Bilateral merchandise (goods) trade balances in 2016 for the United States and 18 of its primary trading partners are shown in Table 1. While most of these bilateral balances are negative, the United States recorded significant trade surpluses with countries such as the Netherlands, Hong Kong, and Belgium. Almost half the overall merchandise trade deficit in 2016 was accounted for by trade with China. Merchandise trade is only part of the story, however, as there is growing trade in services and the United States consistently has a surplus in its services trade (Table 2).
Much of the commentary on the U.S. trade deficit is based on the belief that trade deficits are bad, while trade surpluses are good. The idea that a country should run a trade surplus with individual countries or with the rest of the world collectively is derived from an old doctrine known as mercantilism. According to this doctrine, countries should work to limit imports and expand exports so as to generate an inflow of gold and foreign currencies (known collectively as foreign exchange). Because it would be impossible for all countries to have trade surpluses, this doctrine sets trade up to be a kind of warfare as everyone tries to sell more abroad while limiting expenditures on foreign goods. Theoretical and empirical economic analyses show that warfare is an inappropriate metaphor for trade which almost always generates mutually beneficial gains. Early classical economists such as Adam Smith and David Ricardo demonstrated that mercantilism is economically incoherent over 200 years ago but mercantilist attitudes persist as evidenced by the current debates about the U.S. trade deficit. It should be noted that foreign exchange can only be used for one thing: to buy foreign articles, that is, to import goods, services, or foreign assets.
Those who worry about trade deficits appear to believe that they have a negative effect on the national economy. We calculated correlation coefficients between the real U.S. trade balance and the unemployment rate, the size of the real GDP, and economic growth over the period 1960 to 2015 and found no significant correlations. Trade deficits result from a complex set of economic forces including domestic savings and investment and both foreign and domestic economic policies. The balance of payments accounts shows the overall economic situation of a country with respect to the rest of the world. In addition to exports and imports of goods and services, the balance of payments includes net income from foreign sources and financial flows made up of direct and portfolio (stock market) investments and other financial flows. As shown in Table 2, the large U.S. trade deficit is mostly offset by financial inflows while the large Chinese and German trade surpluses are offset by negative financial flows. Negative overall balances are financed by drawing down foreign exchange reserves, while surpluses add to the reserve holdings. The figures shown in Table 2 reflect abridged versions of the balance of payments that exclude certain details for expository simplicity. The true overall balances in the three countries differ slightly from the figures in Table 2 because of errors and omissions. In 2016, the United States actually added about $2 billion to its reserve holdings.
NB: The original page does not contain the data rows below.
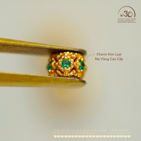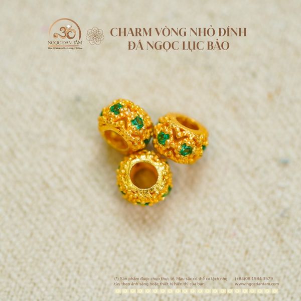 Charm Vòng Nhỏ Đính Đá Ngọc Lục Bảo 4,59mm - Kim Loại Mạ Vàng Cao Cấp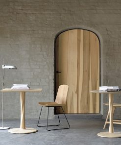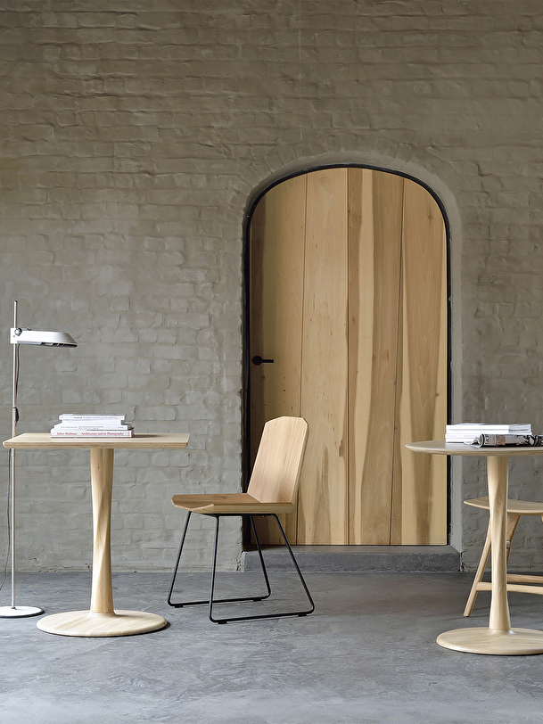 With the Torsion table collection, the designer Alain van Havre signs a series highlighting the technical work of wood with a twisted solid oak table base. Simple at first glance, the detail of this round table lies in the intricacy of its leg and makes it an elegant sculptural piece that will find its place in your dining room or kitchen. The chairs from the Bok collection are a perfect match for this table. The oak selected by Ethnicraft comes exclusively from European forests. Its authenticity revealing the beauty of nature can reveal the natural knots and cracks of the wood, giving each element a unique character. Available in various sizes and finishes.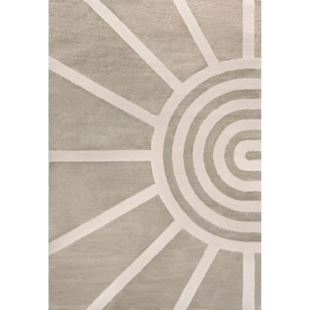 This casual rug features an abstract sun design and a crisp two-tone color scheme. Inspired by midcentury modern styles, it's woven from plush polyester, in a high-low pile that accentuates the pattern. Make a bold statement in the bedroom, living room or dining room with this geometric rug. Please note that variations in the rug's appearance may occur when the fibers are brushed due to natural light reflection and weaving characteristics.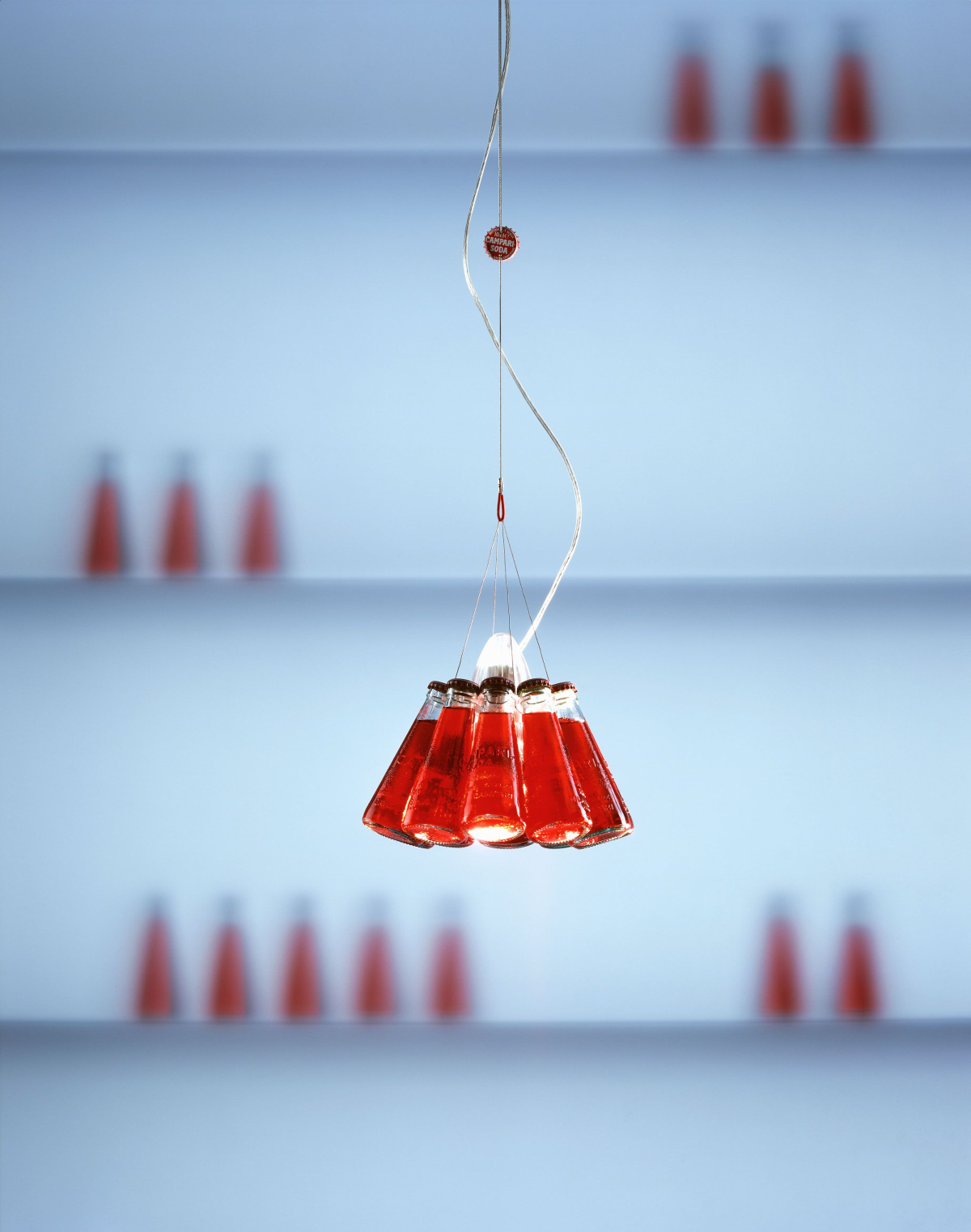 - The Campari Light is made from ten original Campari soda bottles that are individually removable. Photo courtesy of Ingo Maurer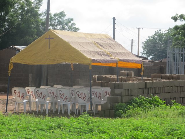 I visited a new church plant in Bachure, a small neighbourhood of Yola. The congregation is led by a seminary student, Joe, and his wife. (Since he is often away at school, she does most of the teaching, preaching, and leading. But women can’t be ordained in Nigeria. Go figure.)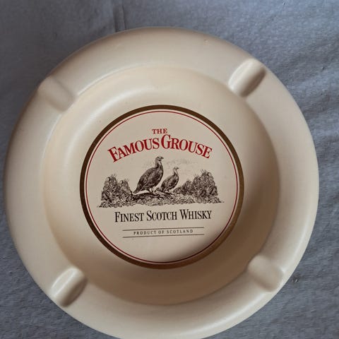 Stort Whiskey reklame askebeger. Askebeger har logo og reklame for Famous Grouse Whiskey.

Because U.S. savings rates are too low to cover desired investment levels, financial flows from foreign firms and individuals are attracted to the large, stable U.S. financial markets (Griswold 1998, Schmidt 2017). In a sense, the United States is able to consume more than it produces and the difference is financed by the rest of the world. For foreign countries, financial investments in the United States not only generate economic returns but they help to recycle the dollars earned through international trade. If Chinese and German foreign exchange holdings were not invested in the United States and other countries, their currencies would appreciate making their industries less competitive internationally. There are other factors that influence the international economic position of the United States. The dollar is the primary reserve currency used in many transactions carried out by other countries that do not involve the United States. It is advantageous that the United States runs trade deficits because that helps ensure that there will be sufficient international liquidity to finance global trade. The United States derives some benefits from these arrangements as well because they give the U.S. government significant leverage in its foreign relations. Because so many international economic transactions are carried out in dollars, it is easier for the U.S. government to apply effective economic sanctions on countries such as Russia or Iran.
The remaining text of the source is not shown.